[Gmp-commit] /var/hg/gmp: 5 new changesets
mercurial at gmplib.org
mercurial at gmplib.org
Wed May 1 20:54:19 CEST 2013
details: /var/hg/gmp/rev/36af66a56e21
changeset: 15779:36af66a56e21
user: Torbjorn Granlund <tege at gmplib.org>
date: Wed May 01 20:44:17 2013 +0200
description:
(addxccc): Allow g2 as input.
(umulxhi): Save and restore o7 to allow it as in/out parameter.
details: /var/hg/gmp/rev/6513190b6ca7
changeset: 15780:6513190b6ca7
user: Torbjorn Granlund <tege at gmplib.org>
date: Wed May 01 20:46:34 2013 +0200
description:
Optimise lead-in code.
details: /var/hg/gmp/rev/114c58ec1557
changeset: 15781:114c58ec1557
user: Torbjorn Granlund <tege at gmplib.org>
date: Wed May 01 20:49:38 2013 +0200
description:
(GMP_MULFUNC_CHOICES): Support mul_3 + addmul_3 and mul_4 + addmul_4.
details: /var/hg/gmp/rev/bf54de40fc47
changeset: 15782:bf54de40fc47
user: Torbjorn Granlund <tege at gmplib.org>
date: Wed May 01 20:53:21 2013 +0200
description:
Add SPARC T3 mpn_mul_4 and mpn_addmul_4.
details: /var/hg/gmp/rev/b5fac5fb3c21
changeset: 15783:b5fac5fb3c21
user: Torbjorn Granlund <tege at gmplib.org>
date: Wed May 01 20:54:14 2013 +0200
description:
ChangeLog
diffstat:
ChangeLog | 12 +
configure.ac | 2 +
mpn/sparc64/ultrasparct3/aormul_2.asm | 16 +-
mpn/sparc64/ultrasparct3/aormul_4.asm | 208 ++++++++++++++++++++++++++++++++++
mpn/sparc64/ultrasparct3/missing.m4 | 9 +-
5 files changed, 236 insertions(+), 11 deletions(-)
diffs (truncated from 330 to 300 lines):
diff -r f1c123c3a516 -r b5fac5fb3c21 ChangeLog
--- a/ChangeLog Tue Apr 30 01:02:02 2013 +0200
+++ b/ChangeLog Wed May 01 20:54:14 2013 +0200
@@ -1,3 +1,15 @@
+2013-05-01 Torbjorn Granlund <tege at gmplib.org>
+
+ * mpn/sparc64/ultrasparct3/aormul_4.asm: New file.
+
+ * configure.ac (GMP_MULFUNC_CHOICES): Support mul_3 + addmul_3 and
+ mul_4 + addmul_4.
+
+ * mpn/sparc64/ultrasparct3/aormul_2.asm: Optimise lead-in code.
+
+ * mpn/sparc64/ultrasparct3/missing.m4 (addxccc): Allow g2 as input.
+ (umulxhi): Save and restore o7 to allow it as in/out parameter.
+
2013-04-29 Torbjorn Granlund <tege at gmplib.org>
* mpn/arm/v7a/cora15/cnd_aors_n.asm: New file, was mis-named.
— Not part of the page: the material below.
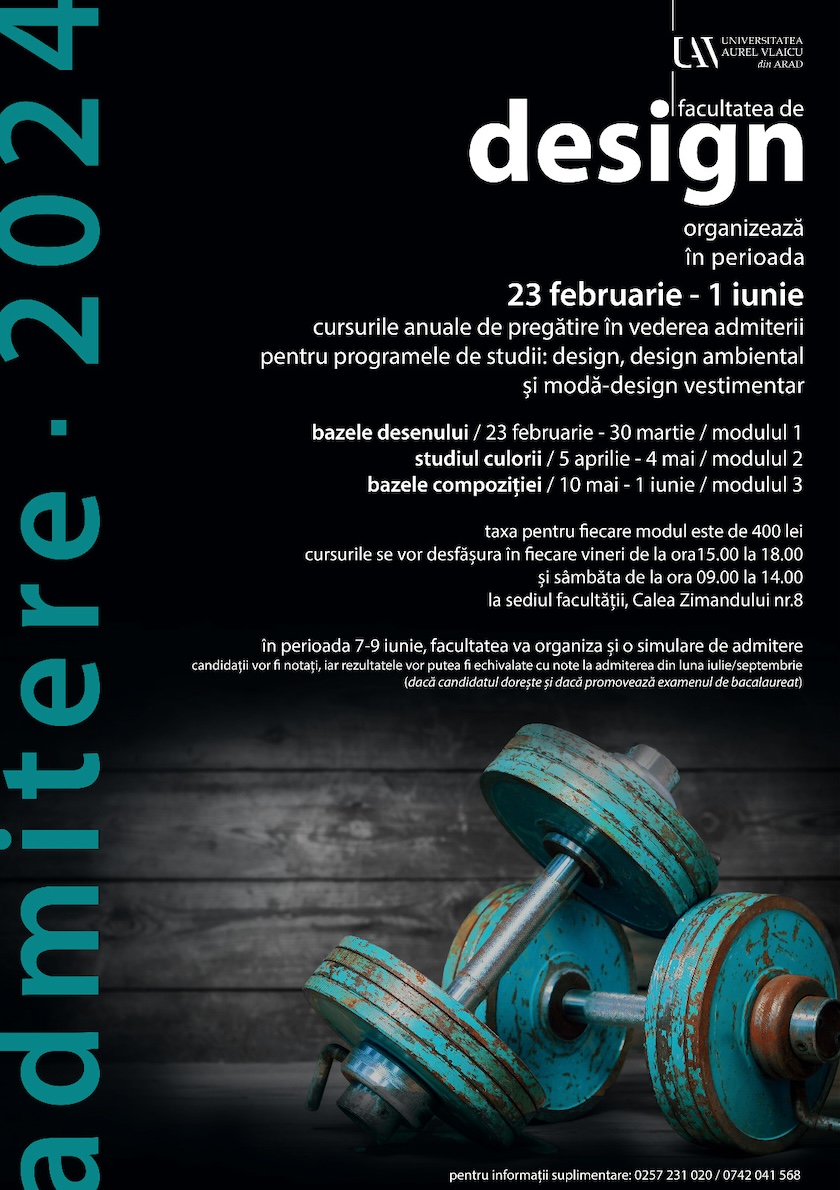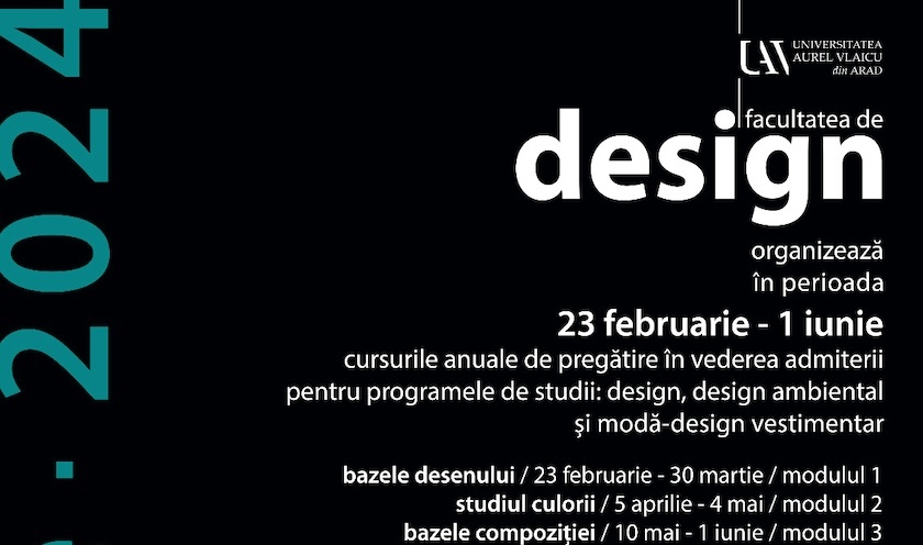 Dacă vrei să fii student la Facultatea de Design din cadrul Universității „Aurel Vlaicu” din Arad ai ocazia de a face pregătiri cu profesorii facultății în perioada 1 martie-1 iunie la sediul din Calea Zimandului, nr.8 (cartier Grădiște).

diff -r f1c123c3a516 -r b5fac5fb3c21 configure.ac
--- a/configure.ac Tue Apr 30 01:02:02 2013 +0200
+++ b/configure.ac Wed May 01 20:54:14 2013 +0200
@@ -2808,6 +2808,8 @@
cnd_add_n|cnd_sub_n) tmp_mulfunc="cnd_aors_n" ;;
addmul_1|submul_1) tmp_mulfunc="aorsmul_1" ;;
mul_2|addmul_2) tmp_mulfunc="aormul_2" ;;
+ mul_3|addmul_3) tmp_mulfunc="aormul_3" ;;
+ mul_4|addmul_4) tmp_mulfunc="aormul_4" ;;
popcount|hamdist) tmp_mulfunc="popham" ;;
and_n|andn_n|nand_n | ior_n|iorn_n|nior_n | xor_n|xnor_n)
tmp_mulfunc="logops_n" ;;
diff -r f1c123c3a516 -r b5fac5fb3c21 mpn/sparc64/ultrasparct3/aormul_2.asm
--- a/mpn/sparc64/ultrasparct3/aormul_2.asm Tue Apr 30 01:02:02 2013 +0200
+++ b/mpn/sparc64/ultrasparct3/aormul_2.asm Wed May 01 20:54:14 2013 +0200
@@ -1,5 +1,7 @@
dnl SPARC v9 mpn_mul_2 and mpn_addmul_2 for T3/T4/T5.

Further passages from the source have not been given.